I was instantaneously awake, my heartbeat going 200 bpm. All of my senses strained as I awaited the follow-up sound of another footstep.
But except for the wind blowing through the treetops and the sound of the muffled breakers on the rocks far below there was naught but total silence.
I was super glad that if I were going to get murdered in my tent, it wouldn’t be in Baby Seal’s posh down sleeping bag. He’d said he would consider lending it out but only if there was no “freaky sex” performed in it. I felt sure that a sleeping bag that had housed a decapitated body would have been even worse than returning it with a panoply of Rorschach blots formed from the exchange of bodily fluids.
Tensely I waited for the sound of a long knife being unsheathed, or for the rip-cord start of a chain saw, or for the release of a safety.
Crickets. Not even real ones.
Shortly before bedding down I had walked up the trail and out into the parking lot that abutted my illegal camp site, looking for a tent stake that I thought I had dropped there.
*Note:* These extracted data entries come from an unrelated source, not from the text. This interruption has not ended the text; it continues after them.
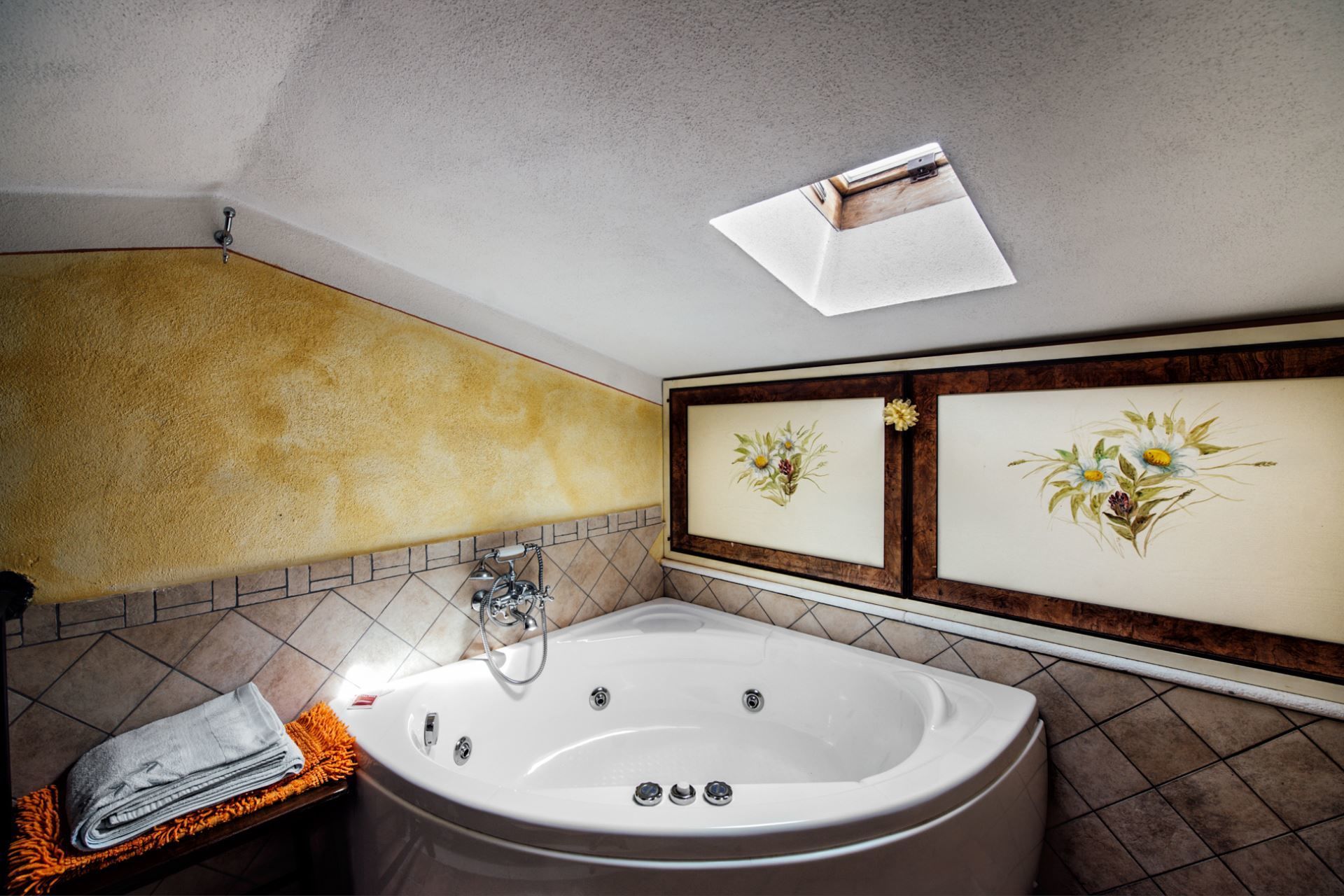 Appartamento a piano terra nella casa Il Granaio con ingresso da pergola privata attrezzata con tavolo e sedie per mangiare fuori, piccolo salotto con divano letto alla francese, camera matrimoniale, bagno con doccia, cucina-pranzo, soggiorno con divano letto matrimoniale, camera matrimoniale con bagno privato con doccia e vasca idromassaggio.
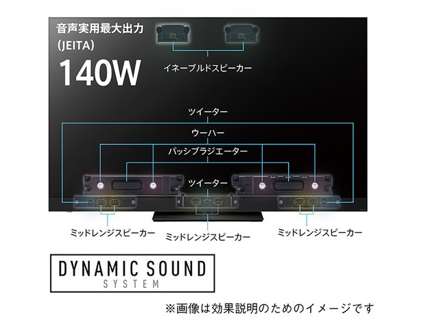 なお、イネーブルドスピーカーのほかに、テレビ正面にはトゥイーターと2つのミッドレンジスピーカーで構成される前向きスピーカーをセンターと左右に配置。さらに、2つのウーファーと対向配置のパッシブラジエーターで構成されるウーファーユニットを左右に配置。3ウェイ3.2ch+2chの音声実用最大出力140Wのシステム構成を採用している。
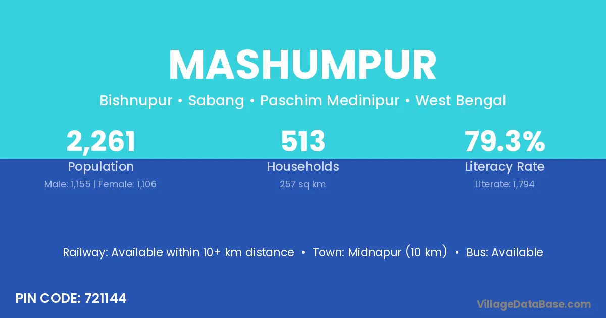Midnapur (10 km) is the nearest town to Mashumpur village for major economic activities and is located approximately 10 km away.
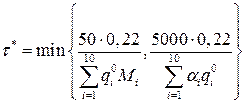 , то оба ограничения существенны. Оптимальный период повторения совместного заказа десяти видов пар обуви определим по формуле (9.19):
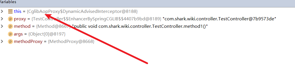 这就导致执行调用method1调用者是this,而不是cglib代理的增强类,如下图所示,正是因为调用者不是代理,导致代理根本不知道method1被调用了,所以事务就失效了
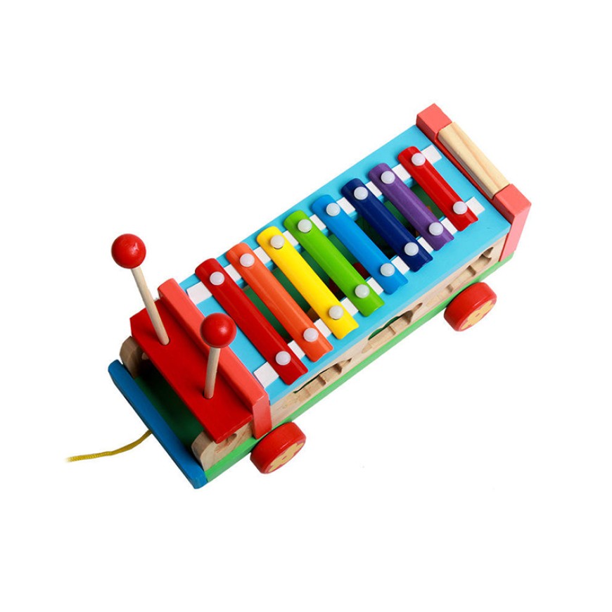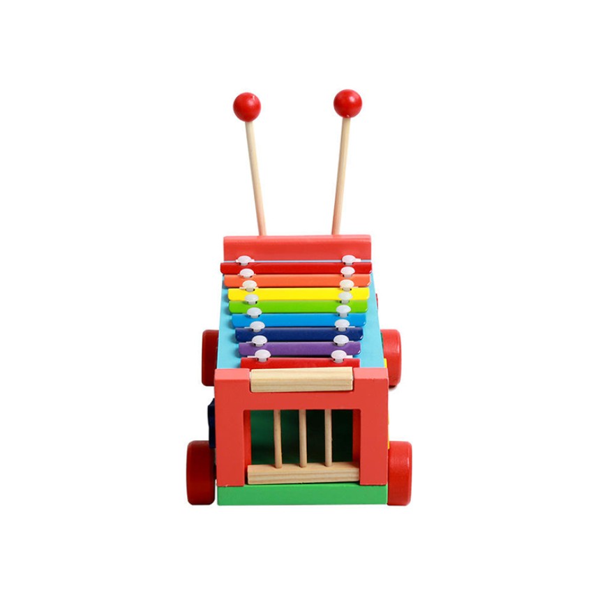 This baby musical toy is a wooden pull-along cart that cleverly combines a xylophone with shape-sorting functionality, designed specifically for early musical enlightenment and cognitive development in babies. The cart has a cute design, allowing babies to develop gross motor skills and balance while pushing and pulling it, and also stimulating their curiosity. The built-in xylophone produces clear and pleasant notes when gently tapped, helping babies perceive pitch and rhythm and fostering an interest in music. The shape-sorting design, through matching and placing different shapes, promotes babies' understanding of shapes and spatial relationships, improving hand-eye coordination and fine motor skills.
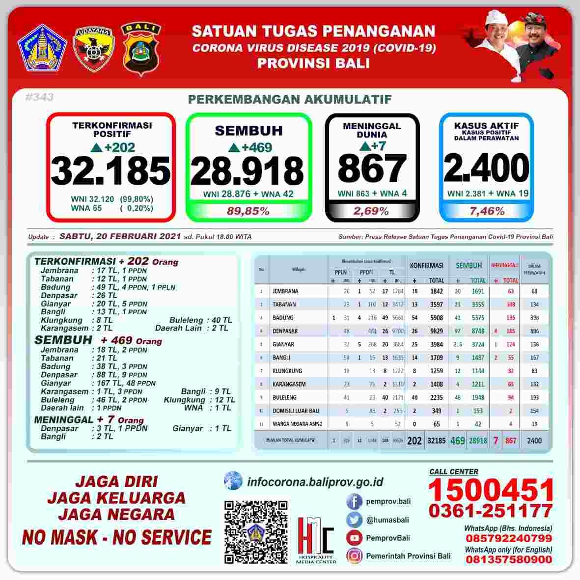 DIKSIMERDEKA.COM, DENPASAR, BALI – Ketua Harian Gugus Tugas Percepatan Penanganan Covid-19 (GTPP) Bali Dewa Made Indra dalam rilisnya menyatakan perkembangan Pandemi Covid-19 di Provinsi Bali per Sabtu (20/2) tercatat pertambahan kasus terkonfirmasi sebanyak 202 orang (189 orang melalui transmisi lokal, 12 PPDN, dan 1 PPLN), sembuh sebanyak 469 orang, dan 7 orang meninggal dunia.
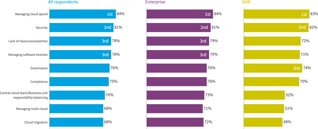 连续第二年,管理云支出是所有组织面临的最大挑战。这种转变可能是由于组织对云安全越来越满意,而云服务使用的增加导致支出增加。管理这笔支出已成为组织的首要任务。与之前的《云现状》调查结果一样,缺乏资源和专业知识仍然是一个重大挑战。
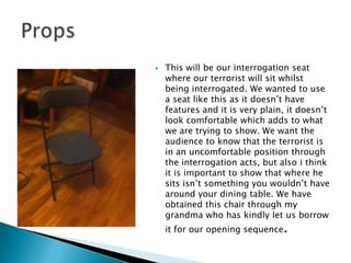 The document describes the set design and costumes for an interrogation scene in a film. It details that the interrogation seat will be plain and uncomfortable to convey the terrorist is in an unpleasant position. It also notes that the terrorist actor will wear a dirty white vest and baggy trousers to emphasize their poor treatment. The interrogator will wear an open white shirt and black trousers to seem important but unprofessional.

As I combed the gravel parking area, a beat-up Dodge pickup cruised into the lot.
A shaggy man with a creased face that screamed “axe murderer” rolled down his window.
“Hey,” he said.
I looked at him, a bit on the shaggy side myself. “Hey,” I said.
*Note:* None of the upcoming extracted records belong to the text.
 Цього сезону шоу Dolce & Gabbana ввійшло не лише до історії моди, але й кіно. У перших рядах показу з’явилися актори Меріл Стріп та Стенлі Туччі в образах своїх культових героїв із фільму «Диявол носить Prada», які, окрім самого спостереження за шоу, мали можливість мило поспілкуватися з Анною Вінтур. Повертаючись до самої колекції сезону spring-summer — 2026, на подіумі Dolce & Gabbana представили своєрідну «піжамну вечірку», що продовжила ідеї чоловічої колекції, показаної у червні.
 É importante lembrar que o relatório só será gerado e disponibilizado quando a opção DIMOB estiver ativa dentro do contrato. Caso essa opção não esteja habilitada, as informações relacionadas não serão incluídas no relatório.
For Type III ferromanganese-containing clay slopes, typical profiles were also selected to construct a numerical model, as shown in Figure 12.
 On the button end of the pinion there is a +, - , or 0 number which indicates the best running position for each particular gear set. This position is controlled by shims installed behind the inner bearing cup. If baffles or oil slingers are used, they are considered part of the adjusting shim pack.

“Where’s your car?” he asked.
I instinctively knew not to tell him a) that I was alone and b) that I was illegally camped out. “A buddy dropped me off for the day and he’s on his way back to pick me up. Why?”
Shaggy Axe Murderer looked at me with hollow, axe-murdering eyes. “No reason. Just kind of a lonely place to be alone without a car, long ways from town and everything.”
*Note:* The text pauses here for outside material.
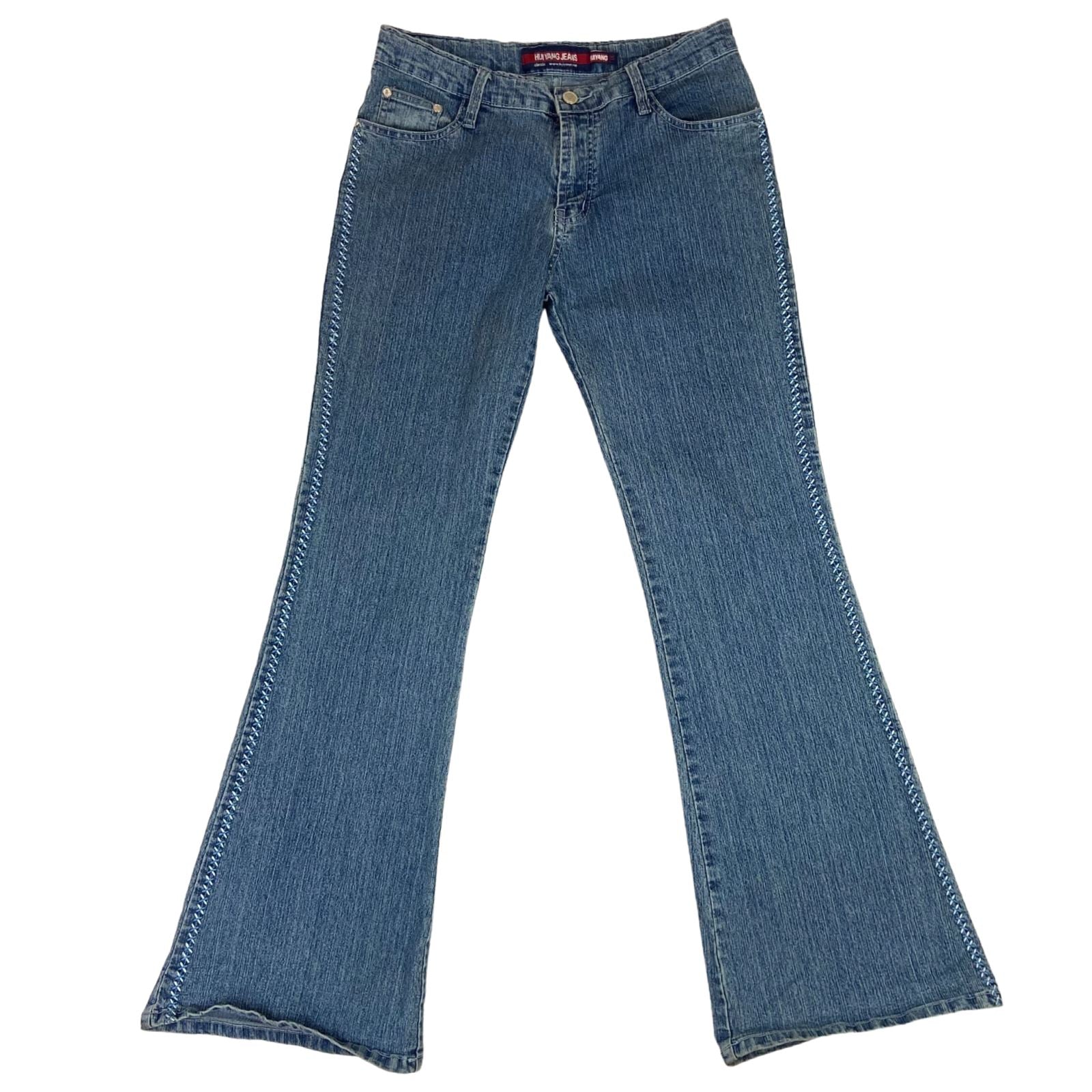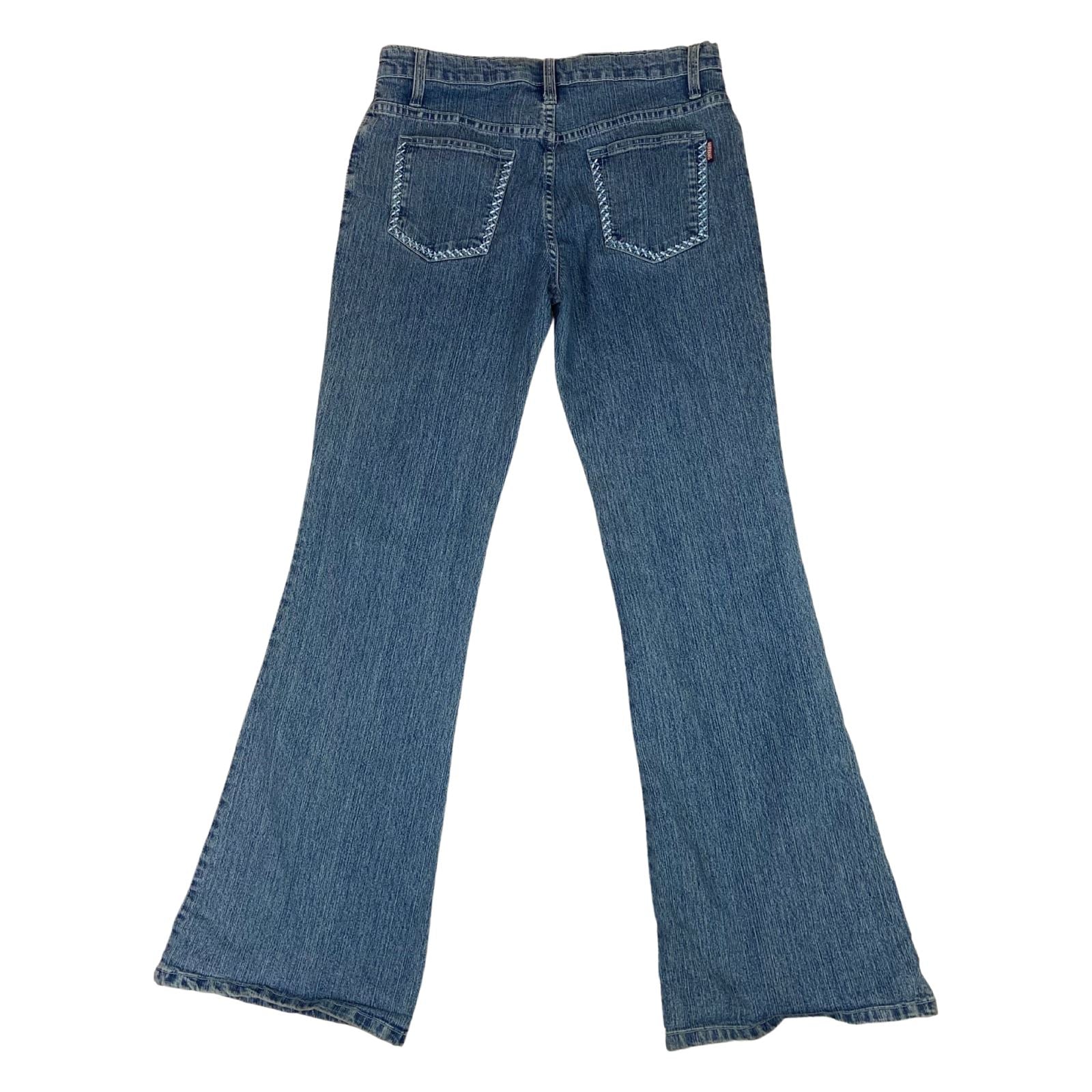 Vintage 90s Y2K Blue Washed Denim Embroidered Flared Mid Rise Jeans 12 14 M
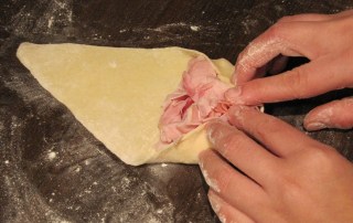- Before beginning to roll it up, fold the external borders of the triangle as if forming a pocket around the ham.

“Yeah,” I said. “I like being outdoors alone just me and my Glock. Makes me feel like a frontiersman.”
“You got a Glock?”
“Never go anywhere without it. What are you carrying?”
“Smith & Wesson .357.”
“That’s solid,” I said approvingly.
He stared at me with hollow axe murderer eyes, reversed, and drove away.
Now I was in my tent wishing I had a Glock, even though I wasn’t sure what one was, as I’d picked up the lingo after hearing Sherri Foxworthy talk about jogging with hers when she lived in West L.A. For all I knew it was a sports bra.
Like a series of rifle shots the twigs all began crackling as they would from footsteps. Somebody was fumbling around in the trees. It couldn’t be the axe murderer. He’d no idea I was in a tent or where it was and I had hidden it really well, ensconced between two large bushes that were beneath a series of giant trees. The tent was also staked to the edge of a steep ledge, so Axe Murderer would have to fall to his death before he could climb up and around to drag me out of my tent.
Still, I waited, sweating like an atheist at a Baptist revival.
I thought about what I wanted my obituary to say. “Died in a redwood tree stump twenty feet underground and then murdered in a tent.”
Or, “He died doing what he loved, camping illegally because, cheap.”
Or, “May You Find The Sock You Were Looking For.”
Eventually everything was still again and I drifted off to sleep, swearing I’d never again bushwhack just to save a few bucks.
The next morning I rode 80 miles, from Brooking to Bandon. There were lots of campgrounds, even a posh KOA with tent sites for $11.50. Up the road I spied a thicket with a little path that led to an open space under the trees. “NO CAMPING ANYTIME,” it said.